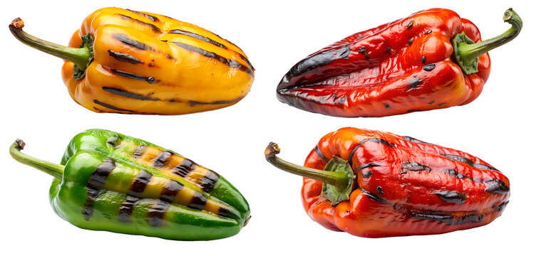 Grilled red peppers on white background
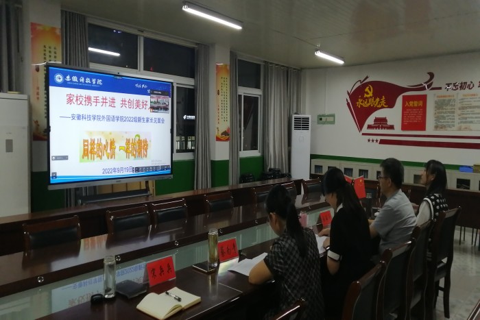 为促进家校协同育人,凝聚教育合力,9月20日晚,外国语学院通过腾讯会议举行2022级新生家校线上见面会。学院院长刘萍、党委书记蔡为青、党委副书记张海亮、新生辅导员宋兵兵、张薇薇以及180余名2022级新生家长参加会议,会议由张海亮主持。
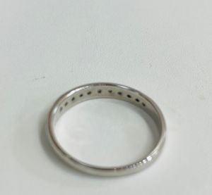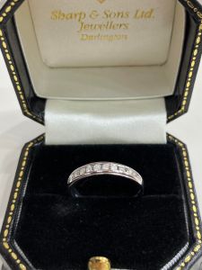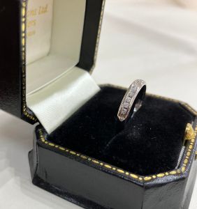 This half eternity ring has ten diamonds set in a channel setting. The stones are equal in size and the total diamond weight is approximately 0.20ct over the ten round brilliant cut stones. The white colour of the gold setting and the stones compliment each other well. The channel setting has a smooth appearance and there are no claws to catch. UK size O, this ring can be resized in the workshop on our premises.
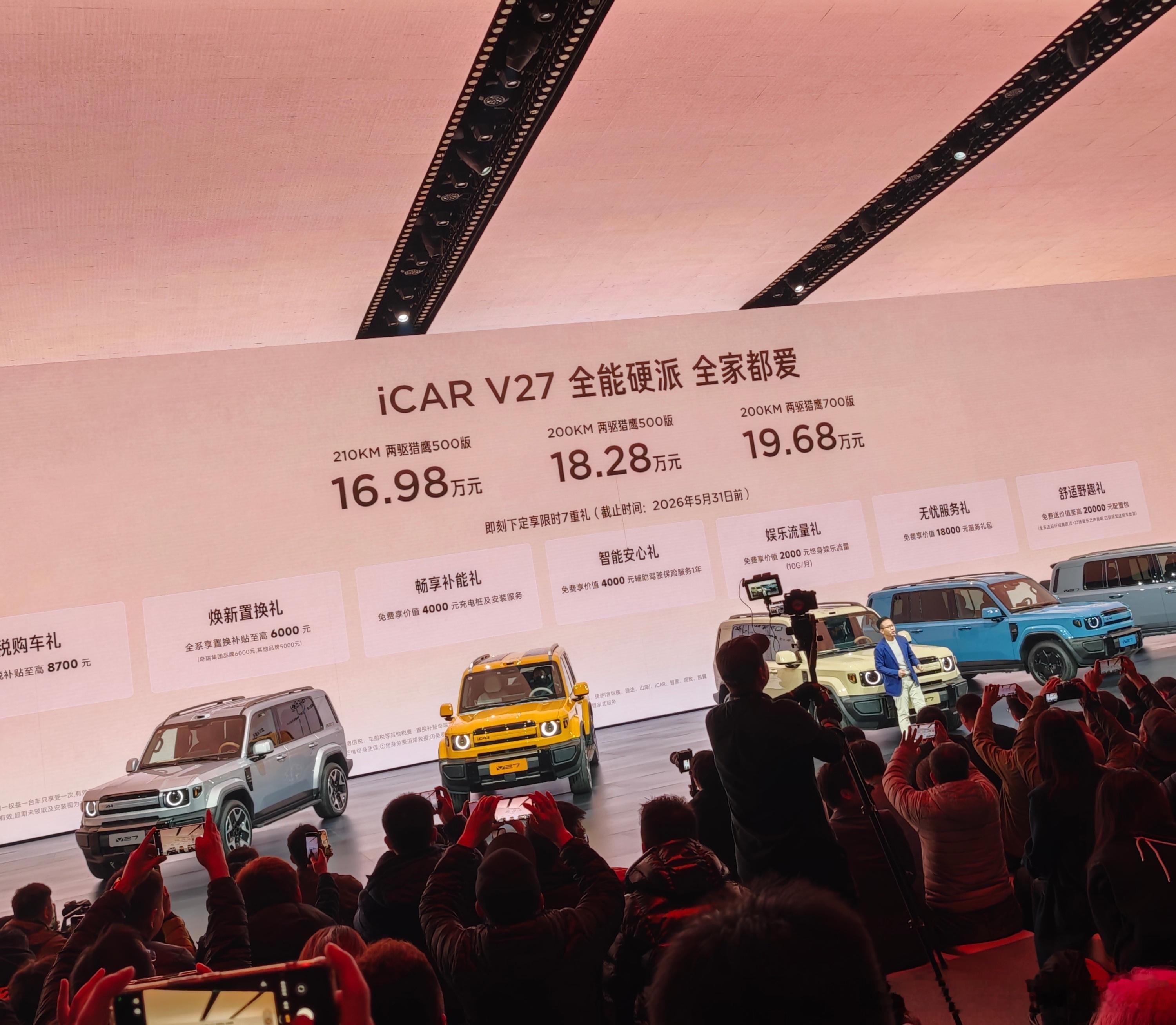 3月13日晚上7点,iCAR(也就是你说的埃卡尔)V27正式上市了!定位“家庭新硬派”,主打全能出行,价格和权益都挺实在。
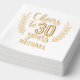 Saludos a 30 años Treinta cumpleaños Nombre personalizado Real Relieve metalizado estampado Napkins de papel presenta el texto "Saludos a 30 años" en la tipografía moderna de escritura caligráfica acentuada con hojas florales y personalizada con su nombre personalizado a continuación. Perfecto para fiestas de 30 años. Creado por Evco Studio www.zazzle.com/store/evcostudio

The problem: Copy out the data above to the letter, and keep every picture out of it.

Task output:
 Grilled red peppers on white background
 为促进家校协同育人,凝聚教育合力,9月20日晚,外国语学院通过腾讯会议举行2022级新生家校线上见面会。学院院长刘萍、党委书记蔡为青、党委副书记张海亮、新生辅导员宋兵兵、张薇薇以及180余名2022级新生家长参加会议,会议由张海亮主持。
 This half eternity ring has ten diamonds set in a channel setting. The stones are equal in size and the total diamond weight is approximately 0.20ct over the ten round brilliant cut stones. The white colour of the gold setting and the stones compliment each other well. The channel setting has a smooth appearance and there are no claws to catch. UK size O, this ring can be resized in the workshop on our premises.
 3月13日晚上7点,iCAR(也就是你说的埃卡尔)V27正式上市了!定位“家庭新硬派”,主打全能出行,价格和权益都挺实在。
 Saludos a 30 años Treinta cumpleaños Nombre personalizado Real Relieve metalizado estampado Napkins de papel presenta el texto "Saludos a 30 años" en la tipografía moderna de escritura caligráfica acentuada con hojas florales y personalizada con su nombre personalizado a continuación. Perfecto para fiestas de 30 años. Creado por Evco Studio www.zazzle.com/store/evcostudio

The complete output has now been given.